> Records

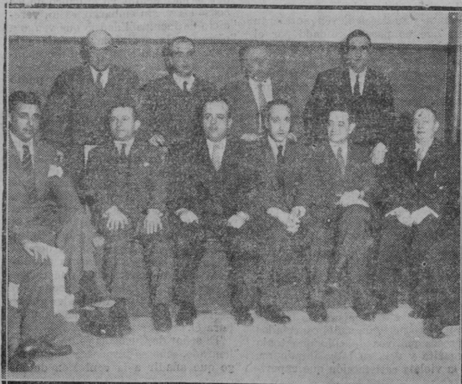
El conflicto patronal en Madrid.— Grupo de los Patrones que fueron detenidos y a quienes se ha puesto nuevamente en libertad.
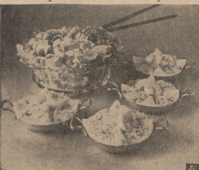
Party day, busy day, any day—thank heaven for the no-fuss dinner. The Borden Kitchen had just such a hurried homemaker in mind when they created shrimp-egg ramekins smoothly sauced with Gruyere cheese. Complement with a crisp green salad, refrigerated biscuits topped with browned, and—dinner's ready.
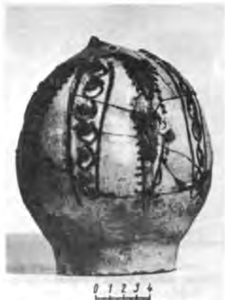
Рис. 10. Глечик з безконтурним розписом. Ермітаж.

підтверджують — окрім XIV ст. — точку зору О. Л. Якобсона. Побутування такої білоглиняної кераміки, а також червоноглиняного посуду, прикрашеного у змішаній техніці гравірування по ангобу в поєднанні з плямами зелено-коричневого розпису, припадає на XII—XIII ст. Типові зразки таких глечиків і тарілок були виявлені як у 1981—1987, так і в 1949—1951 рр. (рис. 11, 12).
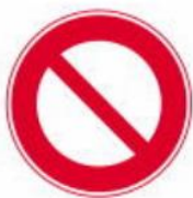
biển cấm dùng
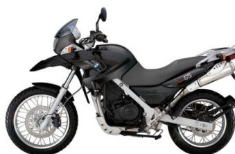
715 Noir profond uni
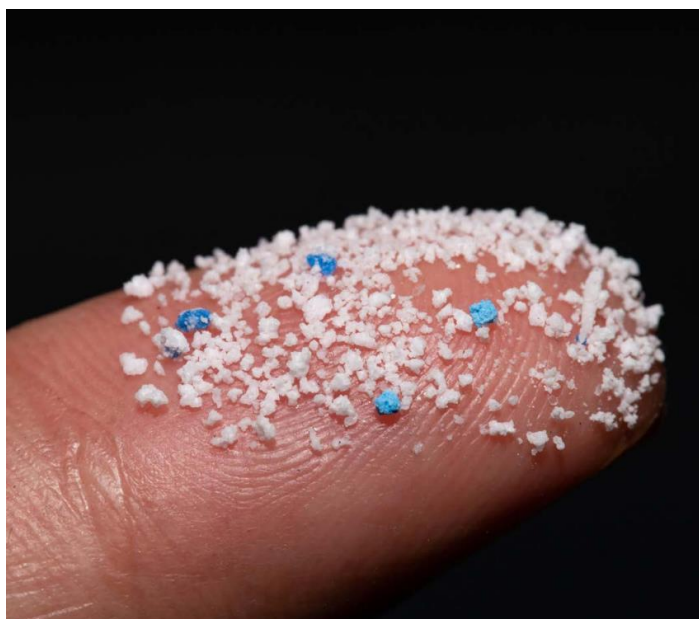
Slika 3. Mikroplastika [4]

Mikroplastika sama po sebi nije otrovna, no ako je organizam dulje vrijeme izložen mikroplastici, može doći do trovanja zbog prisutnosti aditiva u njoj, kao što su plastifikatori poput ftalata, pigmenti, stabilizatori, antioksidansi kao bisfenol A, spojevi kadmija i olova, sredstva protiv klizanja (amidi masnih kiselina), biocidi (npr. spojevi arsena) i drugi. Osim toga, gutanje mikroplastike može uzrokovati različita oštećenja zbog oštih rubova mikroplastike. Mikroplastika obično ima manju gustoću od vode i nije podložna biološkoj razgradnji, no u vodenom okolišu mikroorganizmi je naseljavaju i stvaraju sloj zvani biofilm. Ovaj nastali biofilm ima ključnu ulogu u distribuciji mikroplastike u vodi jer povećava njenu gustoću, uzrokujući da se mikroplastika s vremenom taloži na dnu vodenog tijela, gdje se sedimentira. Unatoč malom promjeru, čestice mikroplastike imaju veliku aktivnu površinu na koju se vežu razne zagađujuće tvari, što doprinosi njenom toksičnom učinku. Na površinu mikroplastike adsorbiraju se teški metali, patogeni, organske zagađujuće tvari i pesticidi. Adsorpcija ovih zagađujućih tvari na mikroplastiku ovisi o raznim čimbenicima, uključujući starost mikroplastike, blizinu zagađujućih tvari, vrstu mikroplastike i njenu molekularnu strukturu, polarnost mikroplastike, omjer površine i volumena mikroplastike te uvjete u okolišu. S obzirom na navedena svojstva, mikroplastika predstavlja značajnu prijetnju okolišu i živim organizmima [13].
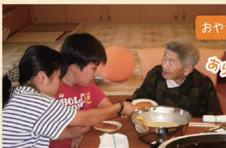
おやつ作り交流会
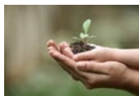
PROTECCIÓN DE PLANTAS

> Problem statement
Starting at the first line of the material, output exactly the lines up to and including the one with "Рис. 10. Глечик". Do not include the pictures.

> Answer to this problem
El conflicto patronal en Madrid.— Grupo de los Patrones que fueron detenidos y a quienes se ha puesto nuevamente en libertad.
Party day, busy day, any day—thank heaven for the no-fuss dinner. The Borden Kitchen had just such a hurried homemaker in mind when they created shrimp-egg ramekins smoothly sauced with Gruyere cheese. Complement with a crisp green salad, refrigerated biscuits topped with browned, and—dinner's ready.
Рис. 10. Глечик з безконтурним розписом. Ермітаж.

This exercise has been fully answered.